Shenzhen Gas (601139): Natural Gas Price Rising Leads to Supply and Demand Advantages

The event entered the heating season throughout the country. In October, the national natural gas price rose by 18%, and the ex-factory price of LNG in some areas exceeded 4,800 yuan / ton, and the industry’s prosperity improved.

It is expected to boost the company’s performance growth.

Operational analysis In the first three quarters, the sales of natural gas increased, and the top of the city gas leader was solid: the company’s high-margin pipeline business continued to grow steadily, and the sales of natural gas in the first three quarters were 22.

5.8 billion cubic meters, 21 over the same period last year.

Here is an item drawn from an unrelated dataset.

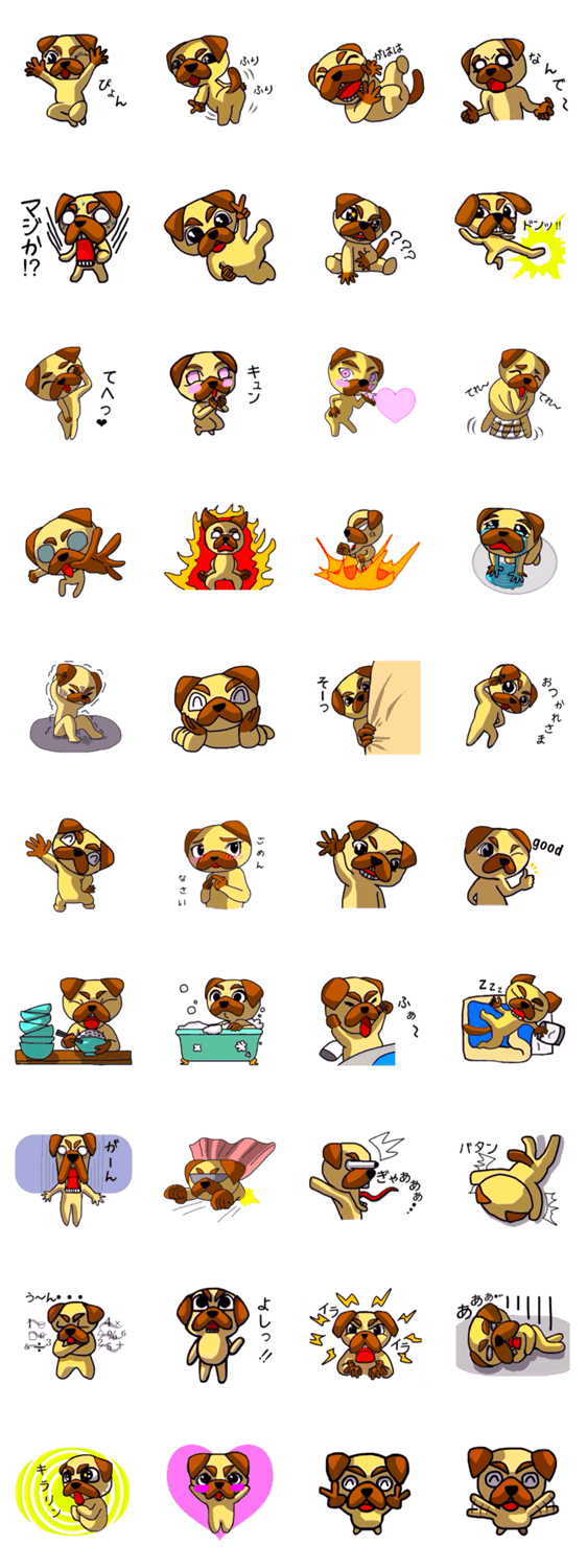 パグちゃん ヤナセ コメントをどうぞ パグのイラストを使用し「かわいく」「おもしろく」「使いやすく」作られたスタンプです。文字入りのものとイラストのみのものがあり、様々な場面で使用できます。 このスタンプどう思う?!↓クリックで投票♪好き (0)かわいい (0)かっこいい (0)おもしろい (0)使いやすそう (0)欲しい (0)萌え (0)ほっこりする (0)おしゃれ (0)ゆるい (0)こわい (0)ウザい (0)キモい (0)ムカつく (0)持ってる (0)癒される (0)セクシー (0)個性的 (0)私は買わない (0)誰かプレゼントして! (0) 購入・プレゼントする Facebookでシェア Twitterでシェア

1.7 billion cubic meters increased by 6.

67%, of which the sales volume of plant natural gas increased in the third quarter, and fell from the first two quarters17.

10% increase to ten years growth2.

22%, sales of non-plant natural gas 15.

4.5 billion cubic meters, compared with the same period last year14.

1.9 billion cubic meters increased by 8.

87%.

Shenzhen has ample room for gas increase and the company’s upstream gas source advantages expand: the company has significant advantages in both supply and demand.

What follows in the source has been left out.